Source: Michael J. Ballanger for Streetwise Reports 01/05/2018
Precious metals expert Michael Ballanger likes what he sees for gold in 2018’s first week of trading.
While the moniker for this missive is “Gold and Gold Miners,” I just sit back in absolute AWE as the global equity investors (otherwise known as “Stock jockeys”) have decided that “cash is TRASH!” and despite a massive “miss” in the employment numbers this morning, within seconds of the release, the spin doctors manning the equity trading desks deemed that number “bullish” because it is less inflationary and may cause the Fed to “pause.” So dollar-yen rallies, the USD index has a minor pop, gold sells off, and stocks come out of the gate up another 0.25% with all of the bubblicious bravado of a high school quarterback getting his first win.
The chart of the S&P shown below is a classic illustration of what occurs when global central banks open up the monetary spigots and flood the world financial markets with unchallenged credit and liability-free liquidity. It is this “inflationary spiral” that enhances “the replacement value of equities” and sends literally everything skyward.
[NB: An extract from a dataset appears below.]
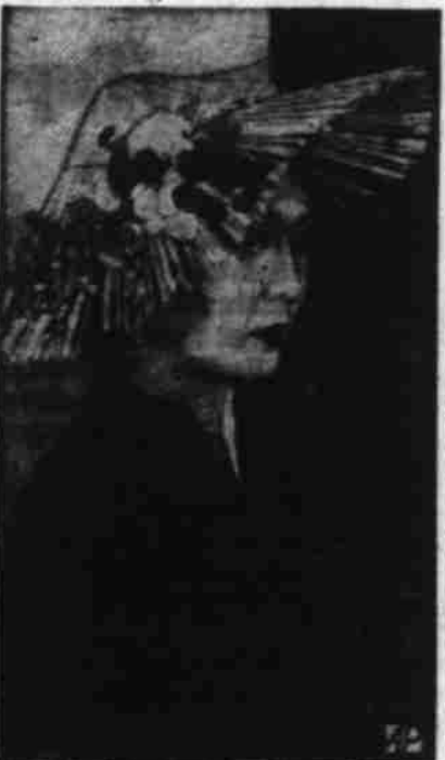
SPRING COOLIE — This Spring hat, inspired by the Chinese coolie hat, and shown by Dior, Paris, is made of two tiers of bamboo-like straw trimmed with field flowers.

Since the two biggest collateral risks to the banks are real estate and stock buyback loans, it is no surprise that this tsunami of phony, counterfeit currency of all colors indiscriminate of flag has not only mitigated those risks but also floated the underlying collateral into the ozone layer. Don’t forget that even Ben Bernanke admitted that no one could predict the outcome of all of that “quantitative easing” that saved JPM and Goldman and Citi and BofA from disappearing from the face of the earth and now we are seeing what currency debasement exercises are truly all about. Record highs EVERYWHERE (except gold and silver) as monetary inflation sows its price inflation seeds.
My buddy David Chapman was the first to predict this final-stage blow-off top or “melt-up” and is quick to remind me that RSI has stayed in the 70s for the S&P and NASDAQ for many, many weeks before succumbing to profit-taking and that if this truly is a new bull move for gold, the HUI [Amex Gold BUGS Index] (and the Gold and Gold Miner ETFs) can too stay elevated above 70 for quite awhile. I can’t recall the period of time when the RSI resided in or neared 70 for more than a few weeks before correcting but the S&P chart illustrates overbought conditions starting in the typically weak October period with RSI breaking above 70 six times by year-end. That, my friends, was too much liquidity chasing too few stocks—and it isn’t the “too few stocks” that should be deemed the scapegoat.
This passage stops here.